AVAILABLE DATA =>
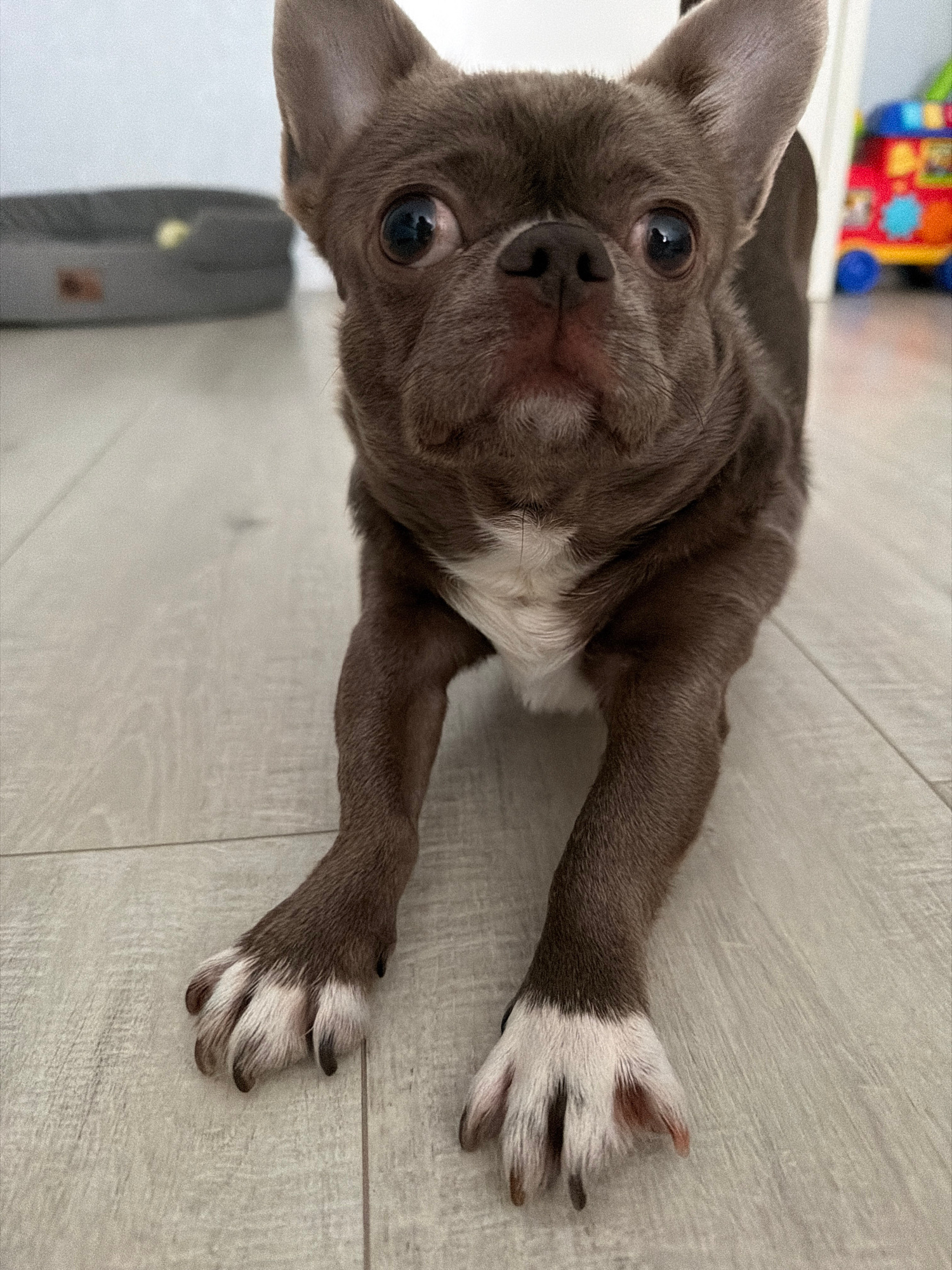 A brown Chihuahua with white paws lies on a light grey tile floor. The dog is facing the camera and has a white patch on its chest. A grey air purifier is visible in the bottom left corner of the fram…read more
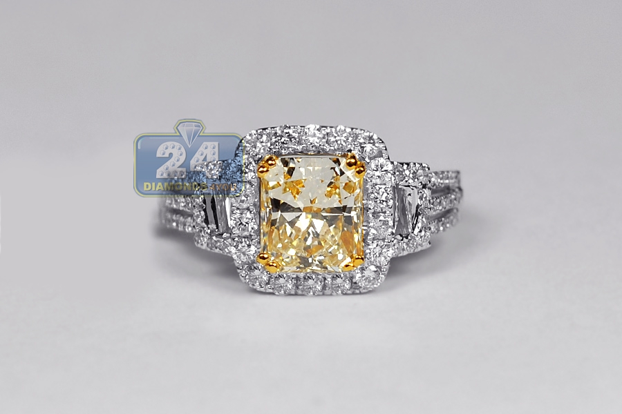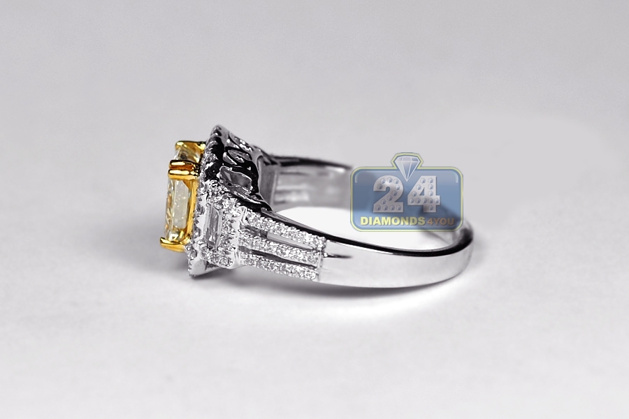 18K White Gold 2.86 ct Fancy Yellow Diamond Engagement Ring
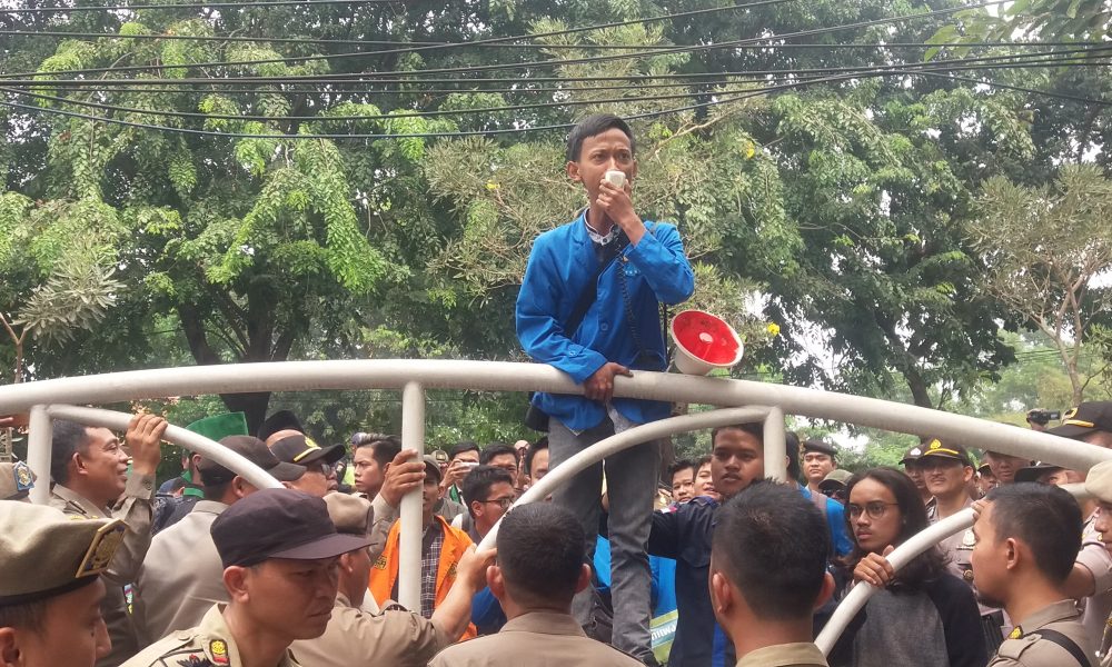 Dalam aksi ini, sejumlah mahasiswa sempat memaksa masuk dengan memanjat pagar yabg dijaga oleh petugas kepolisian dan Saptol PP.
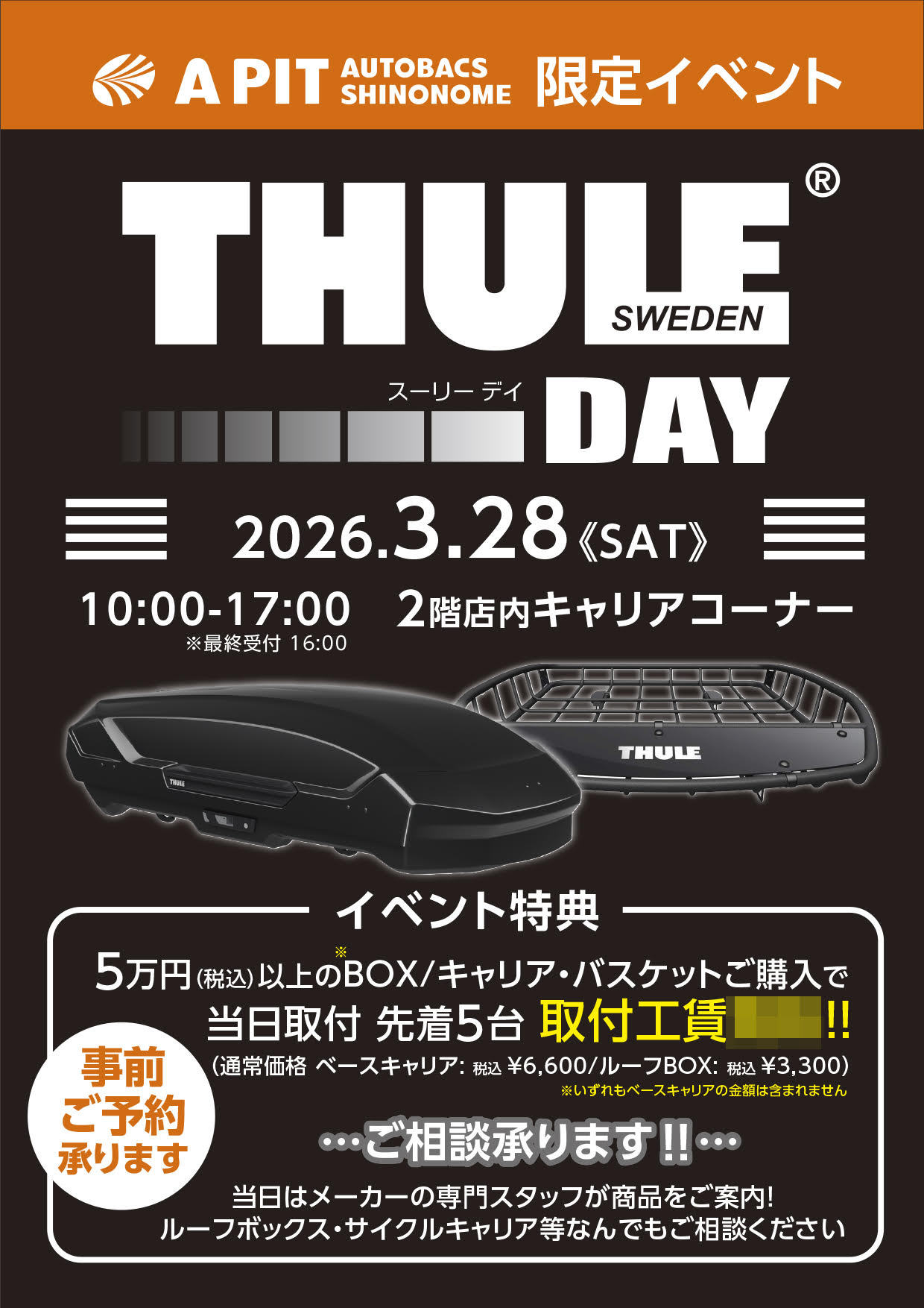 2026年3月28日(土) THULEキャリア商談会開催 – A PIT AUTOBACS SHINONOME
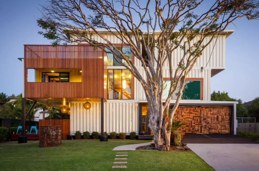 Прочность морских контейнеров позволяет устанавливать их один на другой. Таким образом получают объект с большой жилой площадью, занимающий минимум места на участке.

---

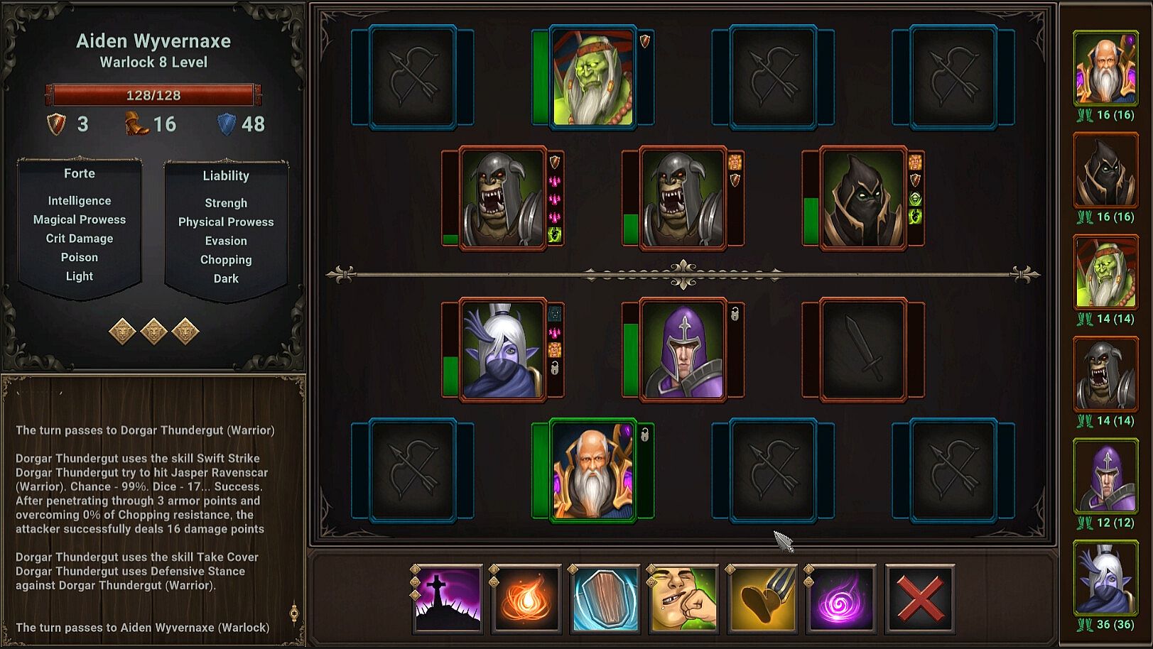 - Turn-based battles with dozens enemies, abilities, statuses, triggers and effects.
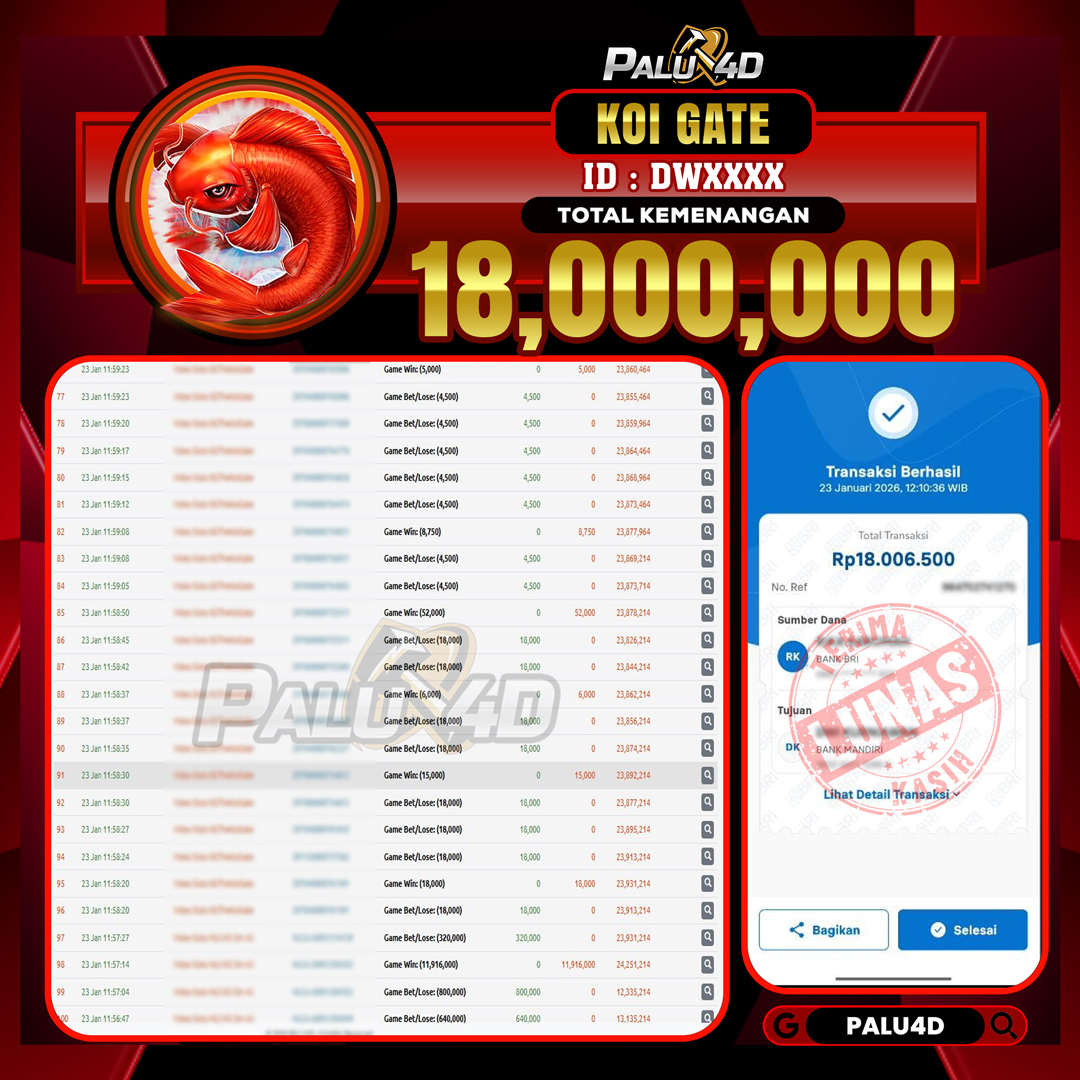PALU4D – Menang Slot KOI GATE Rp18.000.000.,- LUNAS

==

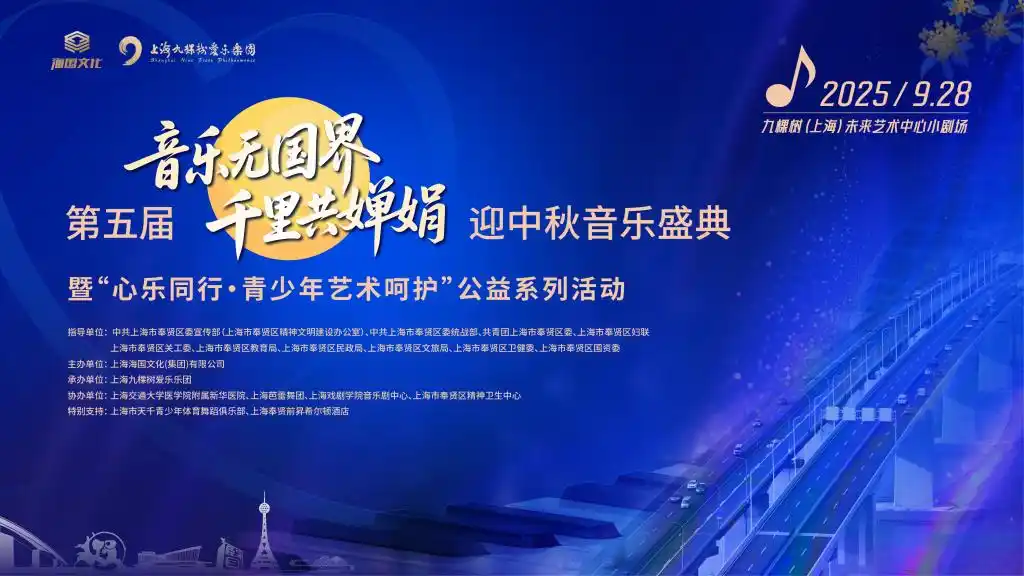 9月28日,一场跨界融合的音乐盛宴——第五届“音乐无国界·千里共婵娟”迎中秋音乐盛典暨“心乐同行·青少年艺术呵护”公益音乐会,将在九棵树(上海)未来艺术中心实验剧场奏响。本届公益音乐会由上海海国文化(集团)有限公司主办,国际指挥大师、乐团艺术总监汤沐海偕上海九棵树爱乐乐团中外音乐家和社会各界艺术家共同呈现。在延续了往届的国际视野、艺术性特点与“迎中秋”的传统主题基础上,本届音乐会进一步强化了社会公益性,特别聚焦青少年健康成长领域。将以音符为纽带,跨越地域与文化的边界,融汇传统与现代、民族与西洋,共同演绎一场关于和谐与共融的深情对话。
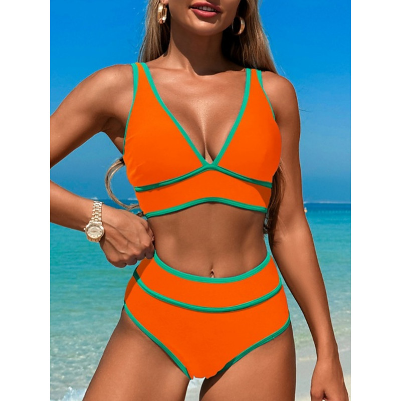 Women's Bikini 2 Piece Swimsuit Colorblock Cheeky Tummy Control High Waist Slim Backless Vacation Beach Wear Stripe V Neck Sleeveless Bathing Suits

TASK DESCRIPTION => Extract, without any images, the part of the material above that opens with the line containing "- Turn-based battles" and closes with the line containing "PALU4D – Menang", both lines included.

TASK RESPONSE =>
 - Turn-based battles with dozens enemies, abilities, statuses, triggers and effects.
PALU4D – Menang Slot KOI GATE Rp18.000.000.,- LUNAS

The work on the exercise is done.